Le 5 mars 2025, les présidents Alassane Ouattara et John Dramani Mahama ont tenu une conférence de presse conjointe à Abidjan, marquant une étape importante dans la coopération entre la Côte d’Ivoire et le Ghana. Cette rencontre en marge de la visite officielle du nouveau président Ghanéen en Côte-d’Ivoire, a abordé des sujets clés tels que la coopération économique, la sécurité régionale et le rôle du Ghana dans les négociations avec l’Alliance des États du Sahel (AES).
Le retour au pouvoir de John Dramani Mahama, après huit ans d’absence, a suscité un regain d’intérêt pour les dynamiques politiques en Afrique de l’Ouest. Élu en décembre 2024 avec 56,55 % des voix, il a été investi le 7 janvier 2025, devenant ainsi le premier président ghanéen à effectuer un retour non consécutif à la présidence.
Lors de sa visite en Côte d’Ivoire ce mercredi 5 mars 2025, le président Mahama a exprimé sa volonté de renforcer la coopération bilatérale dans divers domaines.

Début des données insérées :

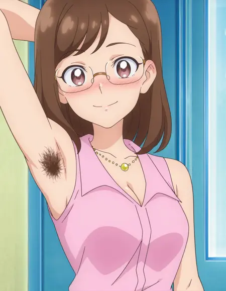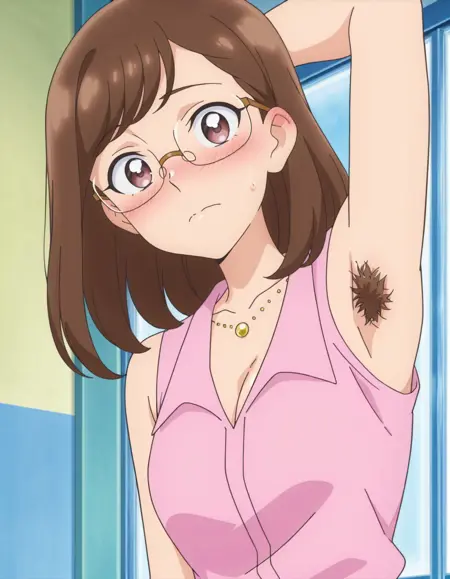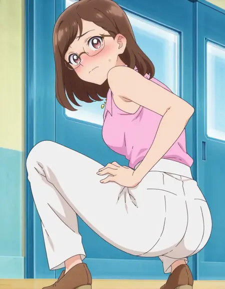 score_9, score_8_up, score_7_up, anime screencap,1girl,solo,glasses, brown eyes, brown hair, sleeveless, necklace, jewelry,pink shirt,white pants, lora:SakuragawaSaki:0.8
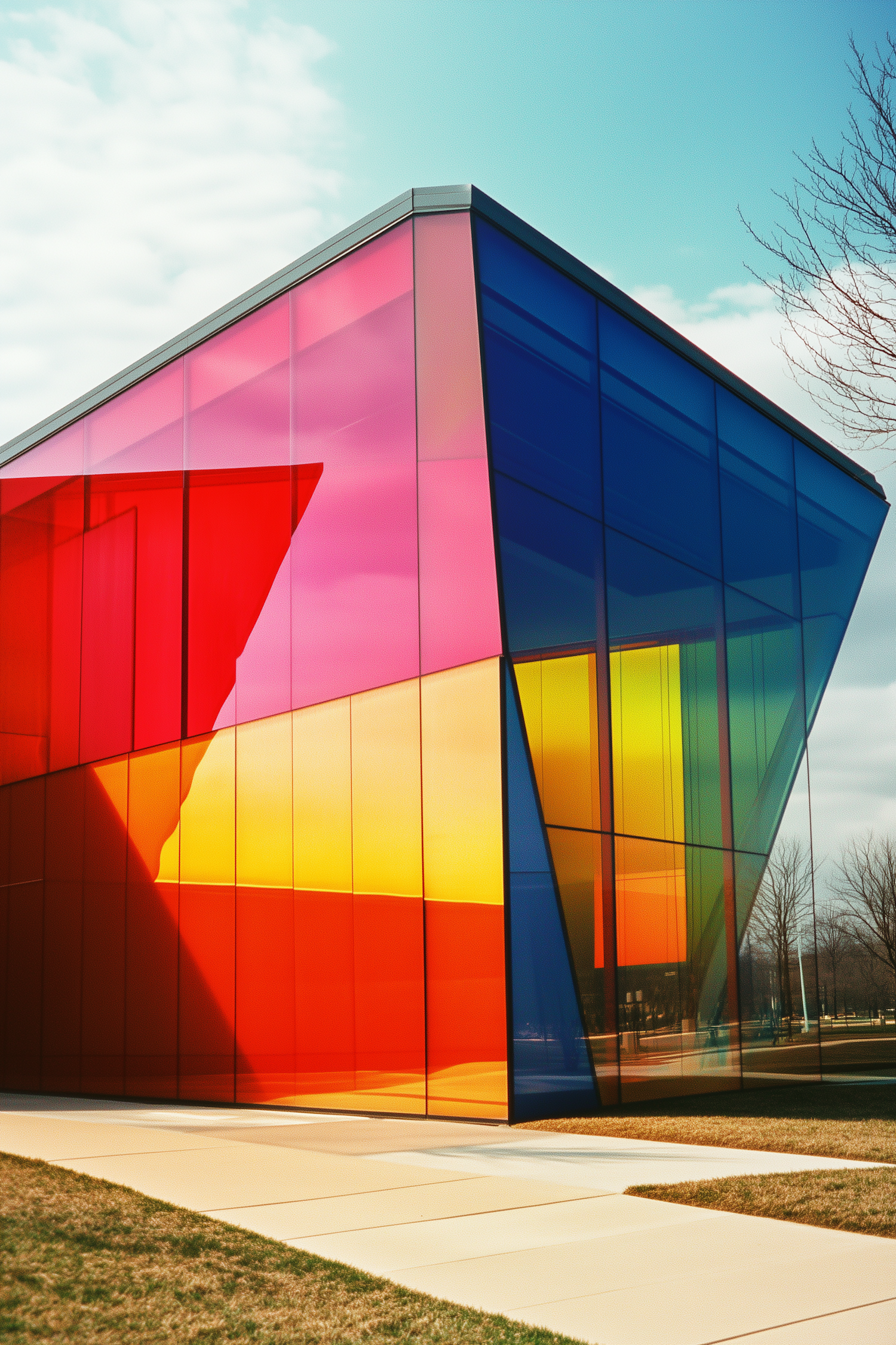 Modern building with vibrant red, orange, yellow, and blue glass panels, angular design, and dynamic reflections under a clear sky.

Il a salué les performances économiques de la Côte d’Ivoire et a proposé une collaboration accrue dans les secteurs du commerce, de l’environnement et de la lutte contre le terrorisme. Les deux dirigeants ont également discuté de la filière cacao, essentielle pour les économies des deux pays, ainsi que des défis environnementaux et énergétiques auxquels la région est confrontée.
Un point notable de cette rencontre a été la discussion sur le rôle potentiel du Ghana dans les négociations avec l’Alliance des États du Sahel (AES). Malgré le retrait de l’AES de la Communauté économique des États de l’Afrique de l’Ouest (CEDEAO), le Ghana s’efforce de maintenir des liens entre les deux organisations sous-régionales. Le président Mahama a récemment nommé un ancien chef de la sécurité nationale comme envoyé spécial auprès de l’AES, démontrant l’engagement du Ghana à promouvoir la stabilité et la coopération régionales.
La position stratégique du Ghana en tant que membre de la CEDEAO et son engagement envers l’AES pourraient faciliter le dialogue et les échanges de renseignements entre les pays de la région. Des initiatives telles que l’Initiative d’Accra, qui réunit le Ghana, la Côte d’Ivoire, le Bénin, le Togo et des États de l’AES, pourraient servir de plateformes pour renforcer la coopération en matière de sécurité et promouvoir la stabilité régionale.
Enfin, la visite du président Mahama en Côte d’Ivoire et les discussions engagées avec le président Ouattara illustrent une volonté commune de renforcer les relations bilatérales et de jouer un rôle actif dans la promotion de la stabilité en Afrique de l’Ouest. La coopération accrue entre la Côte d’Ivoire et le Ghana pourrait servir de catalyseur pour des initiatives régionales visant à relever les défis sécuritaires et économiques actuels.